Chapter 3: The Tapeout Perspective -- Where Chipyard Fits in a Real Chip Design Flow

In the first two chapters, we stayed entirely at the simulation level -- compiling RISC-V programs and running them on a software-modeled processor built with Verilator. But for those of us doing chip research, simulation is just a means to an end. The ultimate goal is to tapeout the design and verify it on real silicon.

This chapter is not a step-by-step how-to. Instead, it draws a "map": where Chipyard sits in the overall chip design flow, what portion of the flow it owns, how its outputs connect to industry-standard backend tools, and what kinds of engineering constraints you typically run into during an academic tapeout.

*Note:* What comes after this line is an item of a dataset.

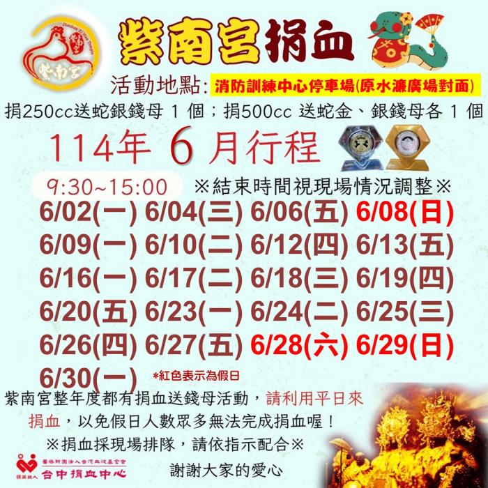 捐血中心六月份行程

1. The Full Path from Design to Tapeout

A digital chip goes through roughly the following stages from design to final tapeout:

Let's walk through what each stage does.

RTL design is the starting point of the entire flow. RTL (Register Transfer Level) is an abstraction layer that describes the logical behavior of digital circuits -- when you write in Verilog or Chisel that "this module takes these inputs, produces these outputs, and its internal registers change in this way," you are doing RTL design. This step captures the logic of the circuit without touching physical implementation.

RTL simulation and verification confirms at the software level that the logic design is correct. Before tapeout, you must thoroughly verify that the RTL behaves as expected. What we did with Verilator in the previous two chapters is exactly this step; in industry, VCS is the more common tool.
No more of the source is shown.